A large number of wearable devices are available that measure various aspects of sleep. Several of these devices have been validated against gold-standard polysomnography. The UP™ and Fitbit Flex™ devices are wristbands connected to a mobile application. One study reported that compared with polysomnography, the UP device has high sensitivity for detecting sleep (0.97), and low specificity for detecting wake (0.37), whereas it overestimates total sleep time (26.6 ± 35.3 min) and sleep onset latency (5.2 ± 9.6 min), and underestimates wake after sleep onset (31.2 ± 32.3 min) (de Zambotti et al., 2015). Another study reported that measurements obtained using the UP device correlated with total sleep time (r = 0.63) and time in bed (r = 0.79), but did not correlate with measurements of deep sleep, light sleep or sleep efficiency (Gruwez et al., 2017). Several studies have reported similar findings for the Fitbit Flex™ device (Montgomery-Downs et al., 2012; Mantua et al., 2016; Kang et al., 2017). In a validation study of the OURA ring, it was shown to record similar total sleep time, sleep latency onset and wake after sleep onset, and had high sensitivity for detecting sleep (0.96). However, it had lower sensitivity for detecting light sleep (0.65), deep sleep (0.51) and rapid eye movement sleep (0.61), and relatively poor specificity for detecting wake (0.48). It also underestimated deep sleep by about 20 min, and overestimated the rapid eye movement sleep stage of sleep by about 17 min (de Zambotti et al., 2017b). Similar results were recently reported for the Fitbit Charge2™ device (de Zambotti et al., 2017a). These devices therefore offer benefits for monitoring some aspects of sleep, but they also have some technical deficiencies.

Various other devices are available that play soft music or emit light of certain colors to promote sleep or wakefulness. Some similar devices are currently in commercial development. Although devices such as the Withings Aura and REM Sleep Tracker, Re-Timer and AYO have not been independently validated, other scientific research supports the benefits of applying blue light to improve sleep quality (Viola et al., 2008; Gabel et al., 2013; Geerdink et al., 2016). The NightWave Sleep Assistant is appealing based on its relatively low price, whereas the Withings Aura and REM Sleep Tracker records sleep patterns. The Re-Timer device is useful based on its portability.

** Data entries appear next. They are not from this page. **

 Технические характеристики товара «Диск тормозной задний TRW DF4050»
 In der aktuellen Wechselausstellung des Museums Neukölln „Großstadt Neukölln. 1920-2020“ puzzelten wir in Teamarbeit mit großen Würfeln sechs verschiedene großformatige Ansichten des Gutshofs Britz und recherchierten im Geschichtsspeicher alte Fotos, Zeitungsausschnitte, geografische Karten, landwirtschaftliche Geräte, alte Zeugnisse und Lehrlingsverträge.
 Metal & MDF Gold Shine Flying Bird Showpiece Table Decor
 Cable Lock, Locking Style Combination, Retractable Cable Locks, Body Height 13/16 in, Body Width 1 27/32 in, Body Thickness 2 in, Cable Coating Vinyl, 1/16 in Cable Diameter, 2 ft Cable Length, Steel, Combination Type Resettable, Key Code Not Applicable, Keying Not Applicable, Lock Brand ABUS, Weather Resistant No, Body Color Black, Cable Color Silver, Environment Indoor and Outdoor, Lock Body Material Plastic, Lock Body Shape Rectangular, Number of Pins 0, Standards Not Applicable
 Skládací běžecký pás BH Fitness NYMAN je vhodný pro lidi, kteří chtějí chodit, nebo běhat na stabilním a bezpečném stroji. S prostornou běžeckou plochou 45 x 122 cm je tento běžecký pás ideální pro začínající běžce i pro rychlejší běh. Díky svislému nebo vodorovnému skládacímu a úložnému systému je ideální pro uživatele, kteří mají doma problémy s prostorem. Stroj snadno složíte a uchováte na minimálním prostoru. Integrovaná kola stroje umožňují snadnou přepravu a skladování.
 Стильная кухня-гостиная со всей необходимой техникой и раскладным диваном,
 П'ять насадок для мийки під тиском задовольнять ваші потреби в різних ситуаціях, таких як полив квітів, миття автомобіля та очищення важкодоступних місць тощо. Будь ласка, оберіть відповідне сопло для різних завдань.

Some devices also monitor temperature, noise and light in the ambient environment to identify potential impediments to restful sleep. The Beddit3 Sleep Tracker does not require the user to wear any equipment. The ResMed S+ and Circadia devices are entirely non-contact, but it is unclear how they measure sleep and breathing patterns remotely.

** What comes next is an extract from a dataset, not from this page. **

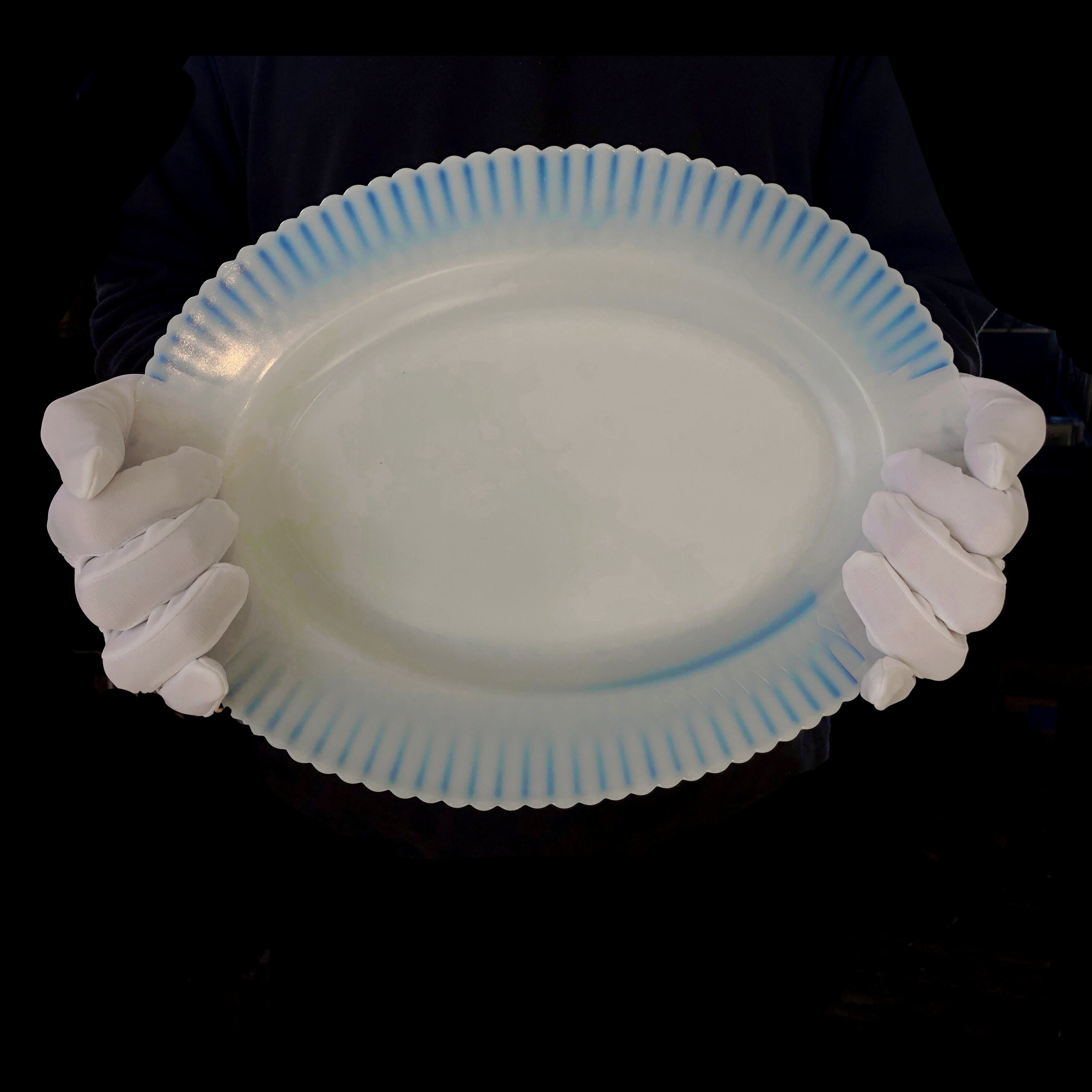 こちらはガラスらしからぬ柔らかな肌触り、青白くぼんやりとした佇まい、さらに光線の加減で浮かべる遊色が特徴のオパールセントガラスの楕円形大皿です。そのどこか靄に包まれてふわりと浮かんでいるような姿は夢に出てくるもののようです。中でもこちらは周囲に花びらのような縁取りをつけただけのプレーンな造形で、本体の幻想的な質感がよく生かされています。

Technologies for Monitoring Psychological Stress and Evaluating Cognitive Function

The nexus between physiological and psychological stress is attracting more and more interest. Biofeedback on emotional state can assist in modifying personal appraisal of situations, understanding motivation to perform, and informing emotional development. This technology has application for monitoring the health of people who work under mentally stressful situations such as military combat, medical doctors, emergency service personnel (e.g., police, paramedics, fire fighters) and traffic controllers. Considering the strong connection between physiology and psychology in the context of competitive sport, this technology may also provide new explanations for athletic “underperformance” (Dupré et al., 2018).

Technology such as the SYNC application designed by Sensum measures emotions by combining biometric data from third-party smartwatches/wristbands, medical devices for measuring skin conductance and HR and other equipment (e.g., cameras, microphones) (Dupré et al., 2018). The Spire device is a clip that attaches to clothing to measure breathing rate and provide feedback on emotional state through a mobile application. Although this device has not been formally validated in the scientific literature, it was developed through an extended period of university research. The Feel wristband monitors emotion and provides real-time coaching about emotional control.

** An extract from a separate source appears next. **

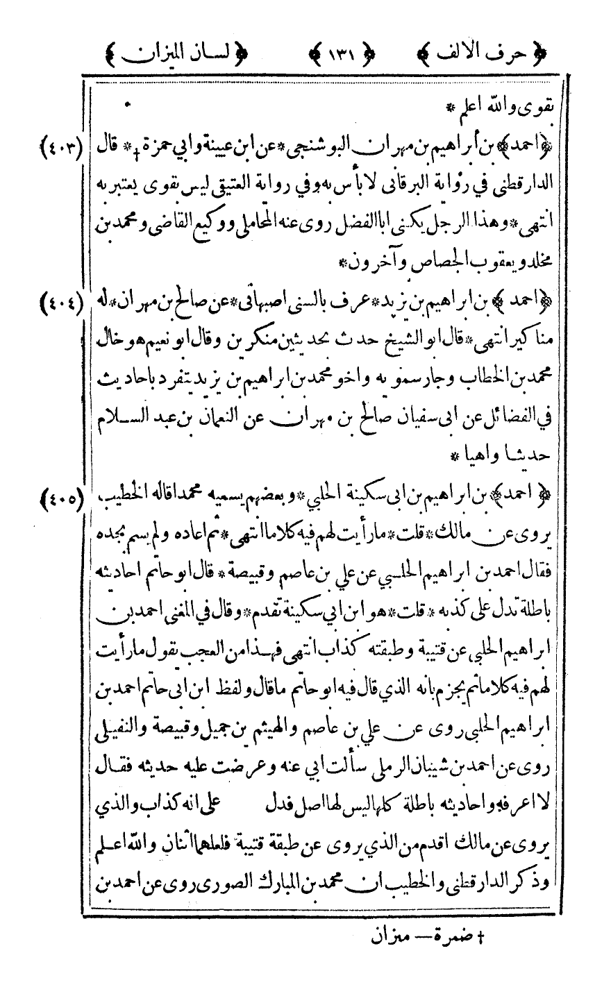 [403] "أحمد" بن إبراهيم بن مهران البوشنجي عن ابن عيينة وأبي حمزة قال الدارقطني في رواية البرقاني لا بأس به وفي رواية العتيقي ليس بقوي يعتبر به انتهى وهذا الرجل يكنى أبا الفضل روى عنه المحاملي ووكيع القاضي ومحمد بن مخلد ويعقوب الجصاص وآخرون.
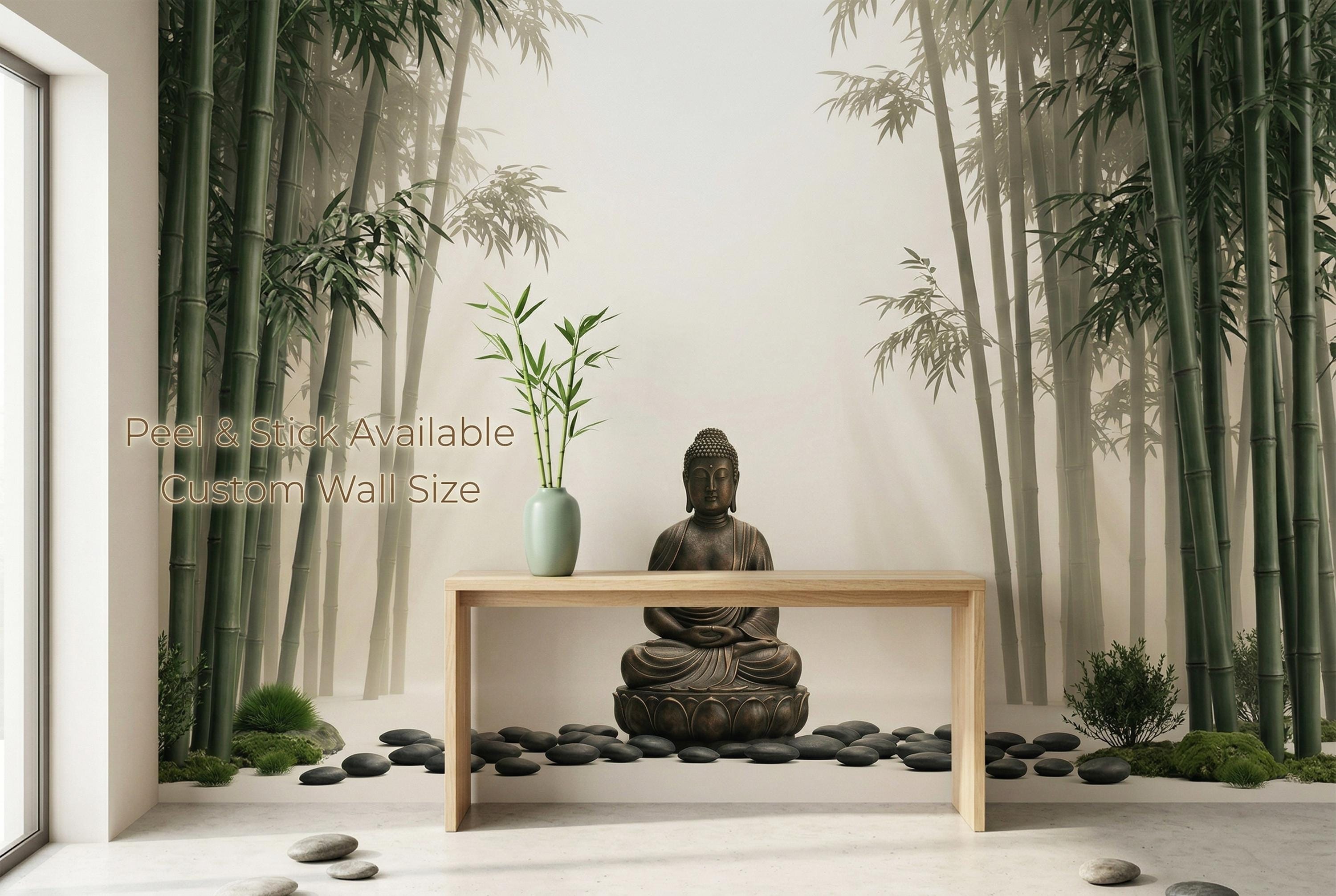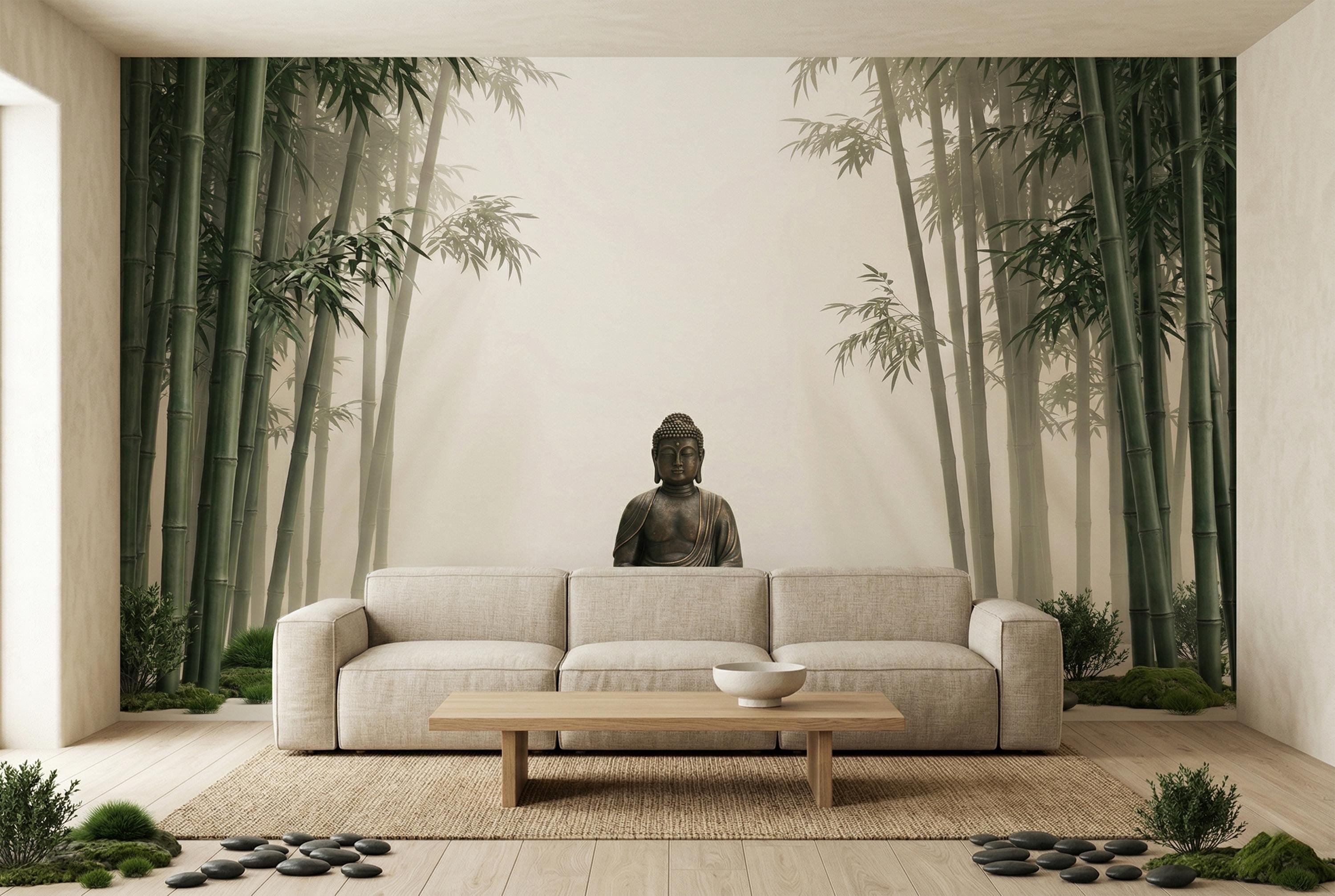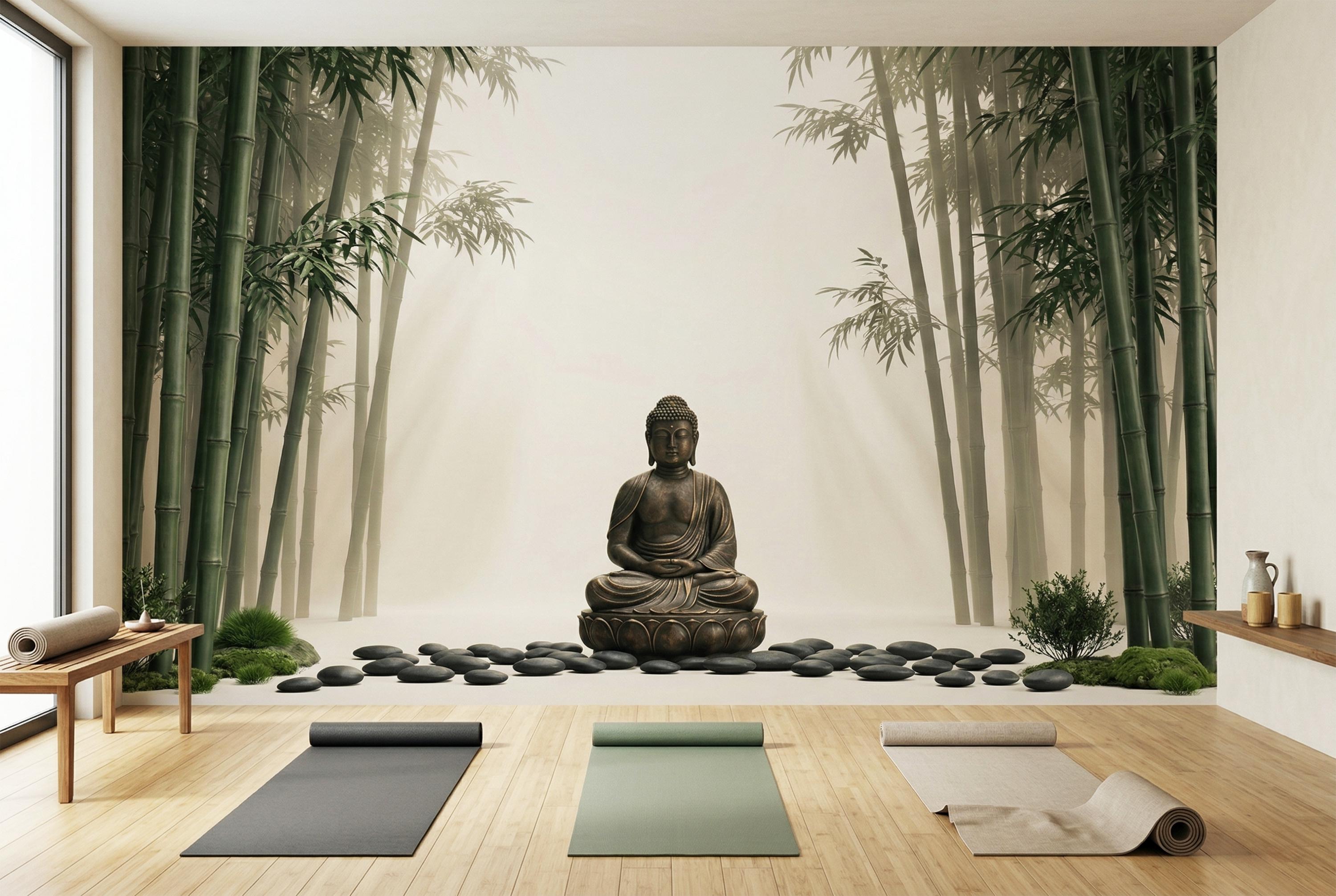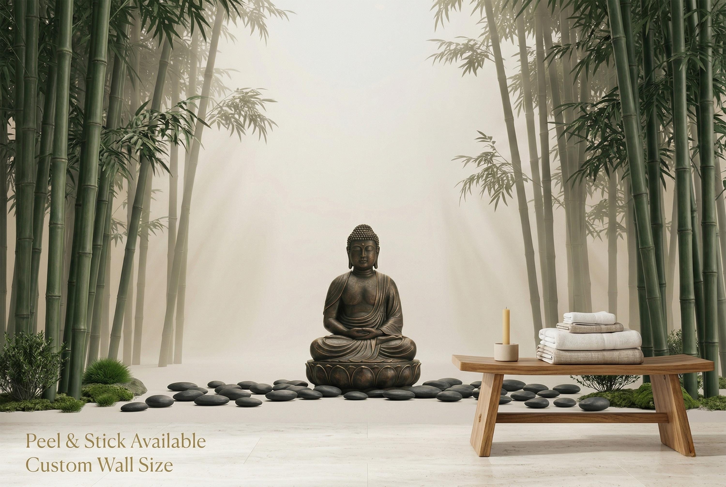 As a zen wallpaper mural it creates a meditative atmosphere with immediate, effortless impact. As a bamboo forest wall mural it brings the calm of a Japanese garden indoors. As a Buddha wall decor feature it works in living rooms, bedrooms, yoga studios, spas, home offices, and hospitality spaces.

In addition to the mobile applications and devices that record and evaluate psychological stress, various applications and devices have also been developed to measure EEG activity and cognitive function (Table 5). Much of this technology has been extensively engineered, making it highly functional. Although the technology has not been validated against gold standards, there is support from the broader scientific literature for the benefits of biofeedback technology for reducing stress and anxiety (Brandmeyer and Delorme, 2013). The Muse™ device produced by InterAxon is an independent EEG-biofeedback device itself, but it has also been coupled with other biofeedback devices and mobile applications (e.g., Lowdown Focus, Opti Brain™). The integration of these technologies highlights the central value of measuring EEG and the versatility of the Muse™ device. The NeuroTracker application is based around the concept of multiple object tracking, which was established 30 years ago as a research tool (Pylyshyn and Storm, 1988). NeuroTracker has since been developed as a training tool to improve cognitive functions including attention, working memory, and visual processing speed (Parsons et al., 2016). This technology has potential application for testing and training cognitive function in athletes (Martin et al., 2017) and individuals with concussion (Corbin-Berrigan et al., 2018), and improving biological perception of motion in the elderly (Legault and Faubert, 2012). The NeuroTracker application has not been validated.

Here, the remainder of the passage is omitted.